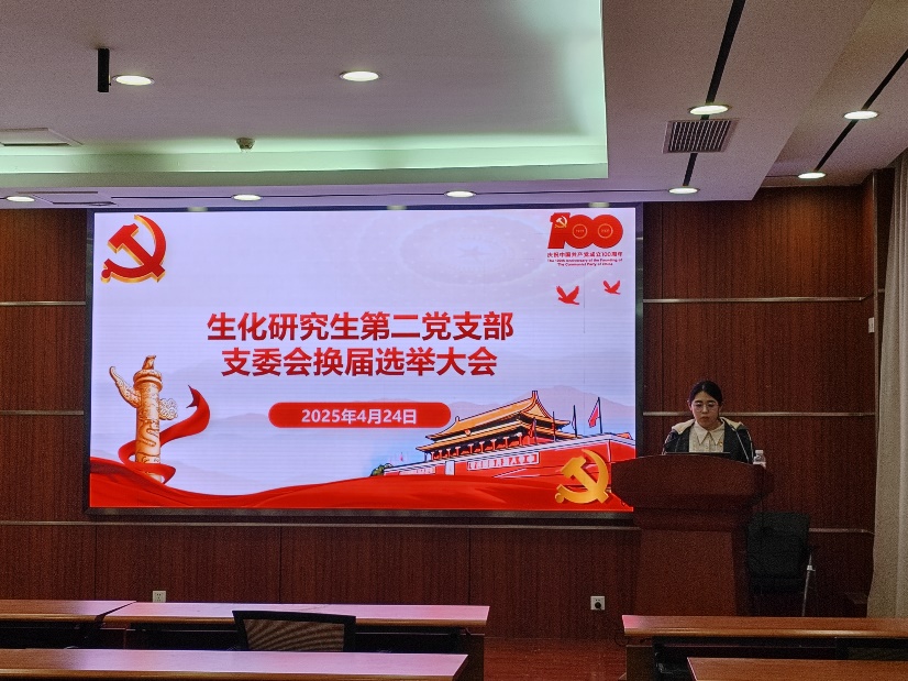 4月24日,U9彩票生化研究生第二党支部召开党员大会,专题学习2025年全国两会精神与中央八项规定精神,并顺利完成支部委员会换届选举工作。会议由党支部书记徐童主持,党支部全体党员参加。
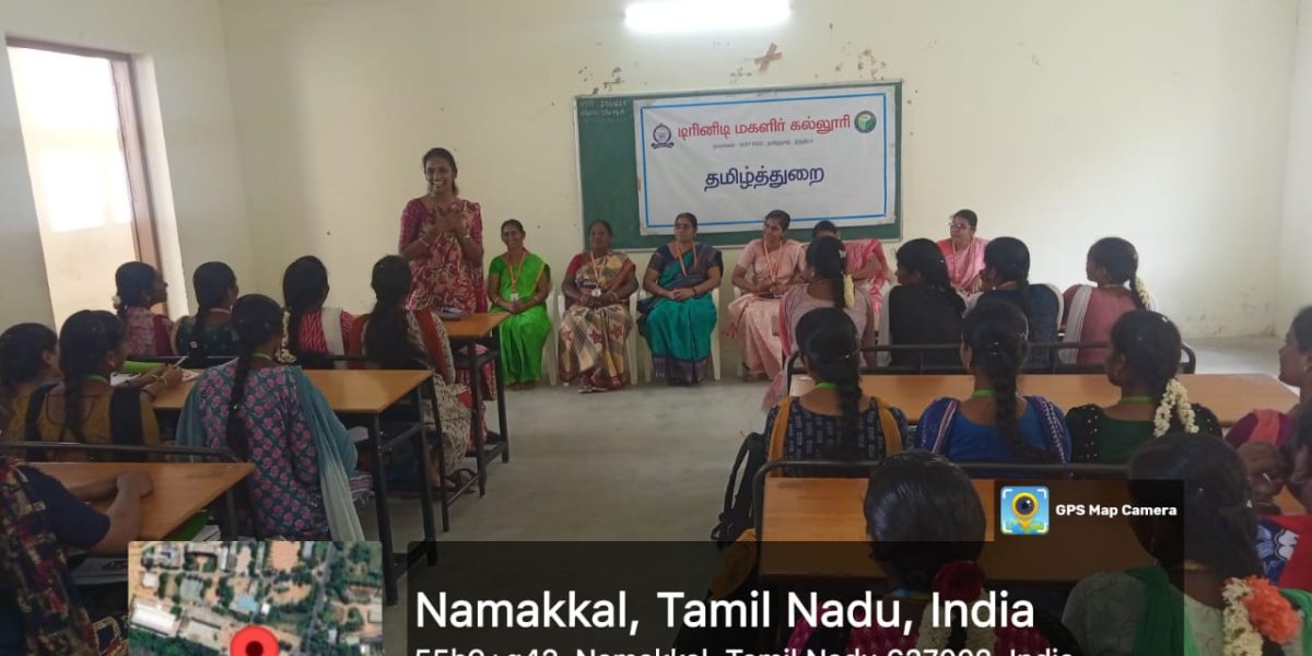 Trinity College Alumni Association, the Institution’s Innovation Council and Internal Quality Assurance Cell, in support of the department of Tamil, Trinity College for Women, Namakkal conducted a programme titled “Languages are both acquired and learned” on 27th March 2025. Ms. R. Thavanithi, Tamil Teacher, SPIRO PRIME Public School, Ernapuram, Namakkal (Alumni of Trinity College for Women – B.A., & M.A., Tamil – 2019-2024) was the special invitee.
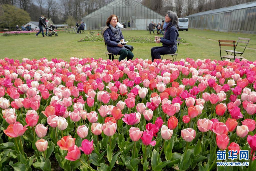 4月14日,參觀者坐在比利時(shí)布魯塞爾以西的拜加登城堡的鮮花旁休息聊天。
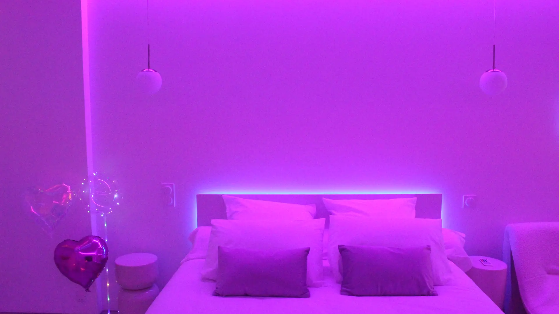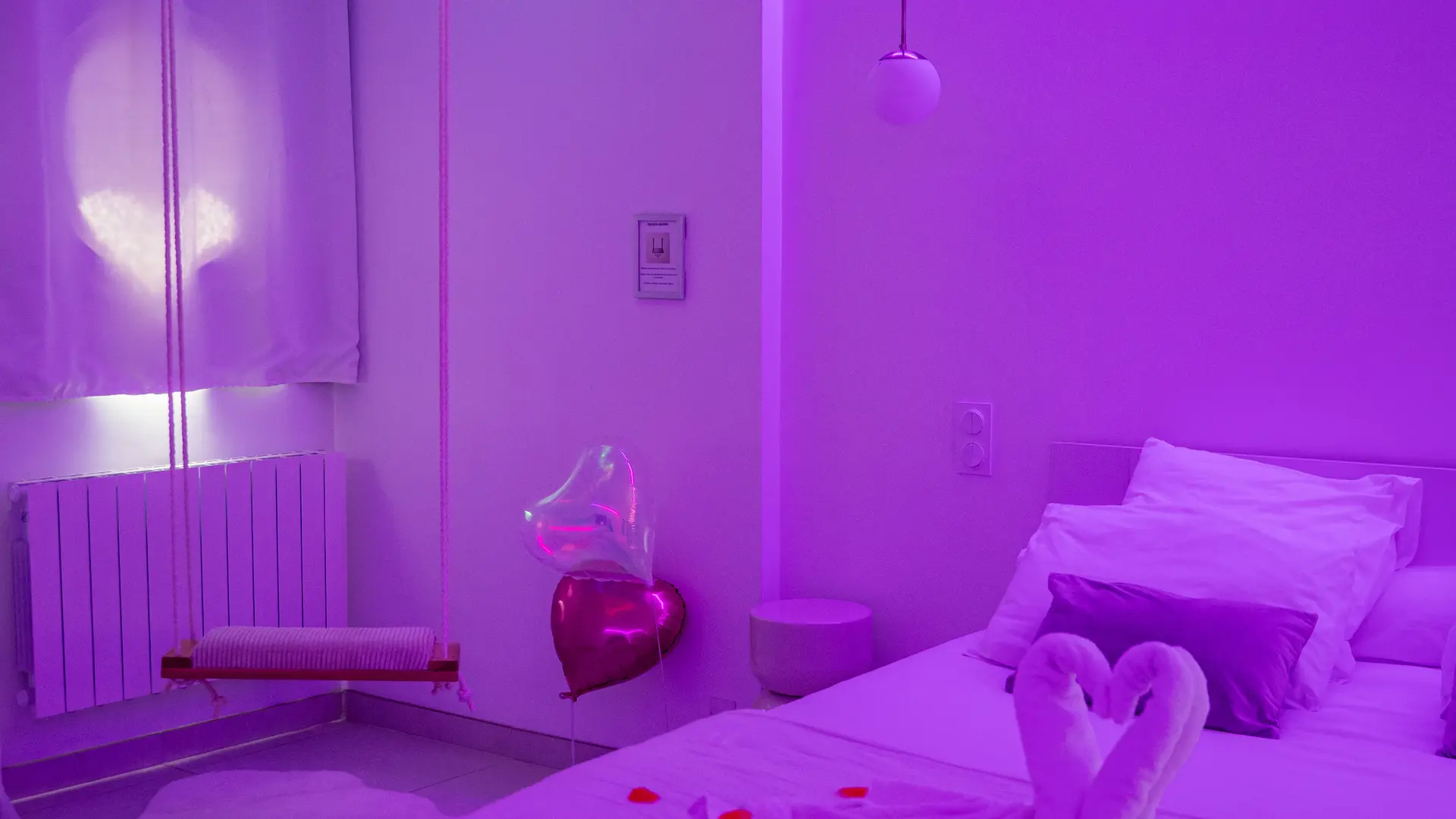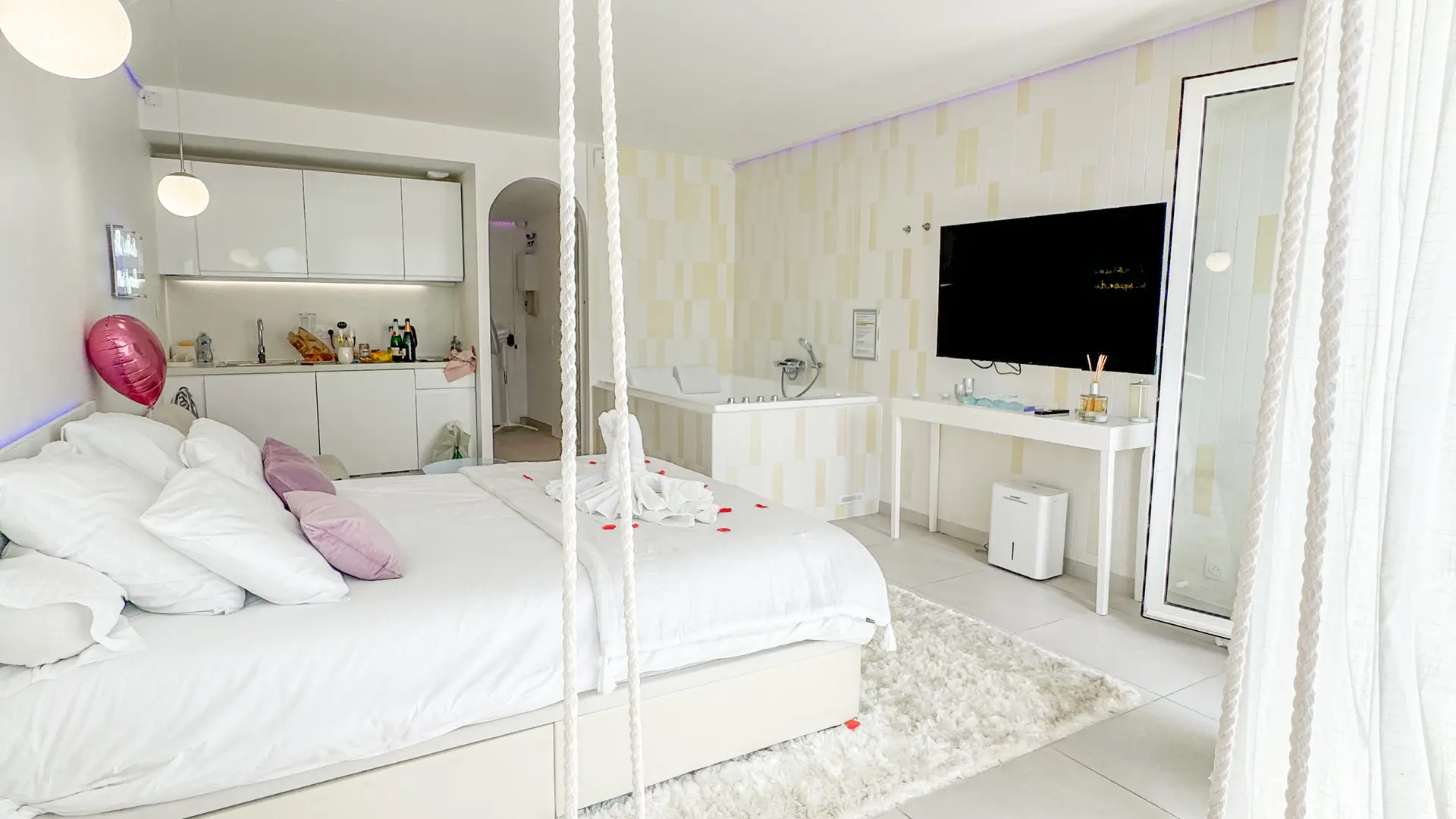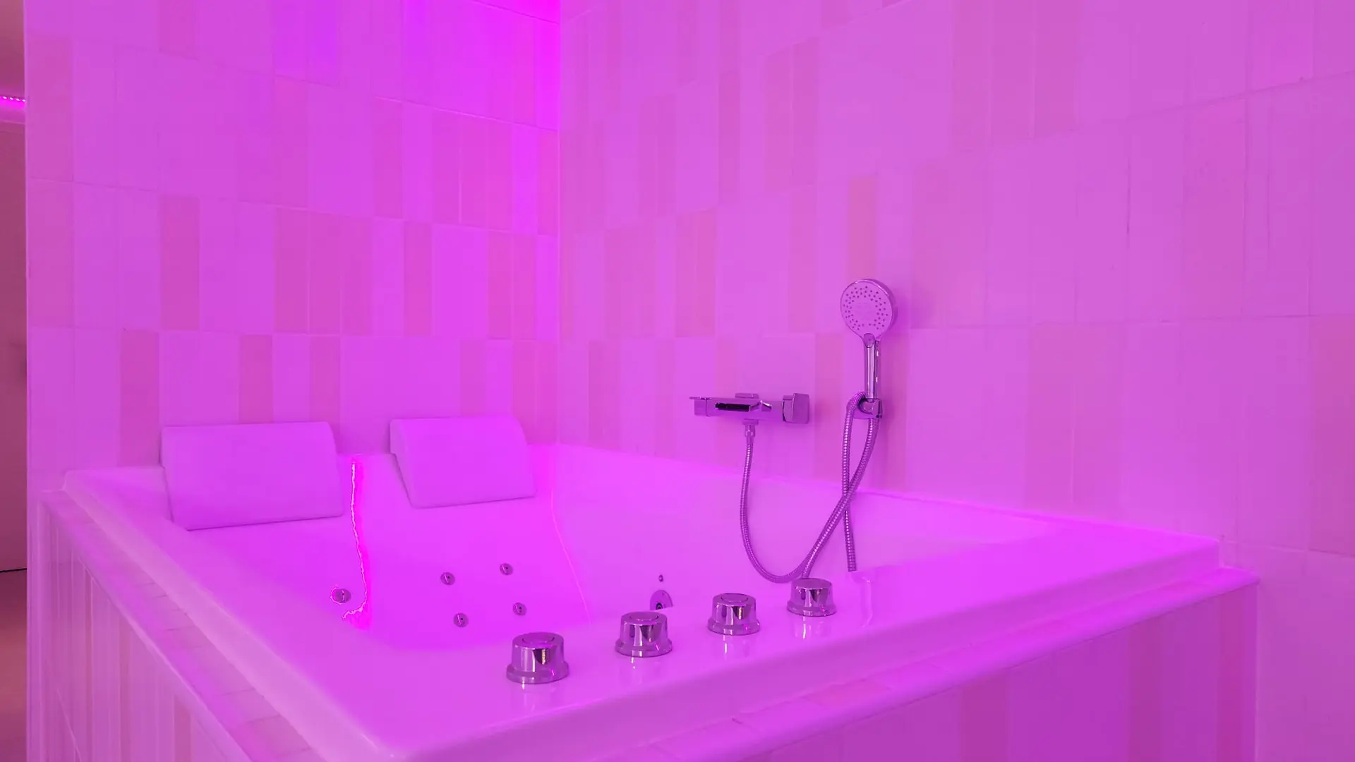 Esta habitación del amor con bañera de hidromasaje doble climatizada ofrece un ambiente acogedor ideal para vivir un momento único y atemporal.

Brief:
Transcribe the listing above verbatim. Omit the pictures.

Response box:
 4月24日,U9彩票生化研究生第二党支部召开党员大会,专题学习2025年全国两会精神与中央八项规定精神,并顺利完成支部委员会换届选举工作。会议由党支部书记徐童主持,党支部全体党员参加。
 Trinity College Alumni Association, the Institution’s Innovation Council and Internal Quality Assurance Cell, in support of the department of Tamil, Trinity College for Women, Namakkal conducted a programme titled “Languages are both acquired and learned” on 27th March 2025. Ms. R. Thavanithi, Tamil Teacher, SPIRO PRIME Public School, Ernapuram, Namakkal (Alumni of Trinity College for Women – B.A., & M.A., Tamil – 2019-2024) was the special invitee.
 4月14日,參觀者坐在比利時(shí)布魯塞爾以西的拜加登城堡的鮮花旁休息聊天。
 Esta habitación del amor con bañera de hidromasaje doble climatizada ofrece un ambiente acogedor ideal para vivir un momento único y atemporal.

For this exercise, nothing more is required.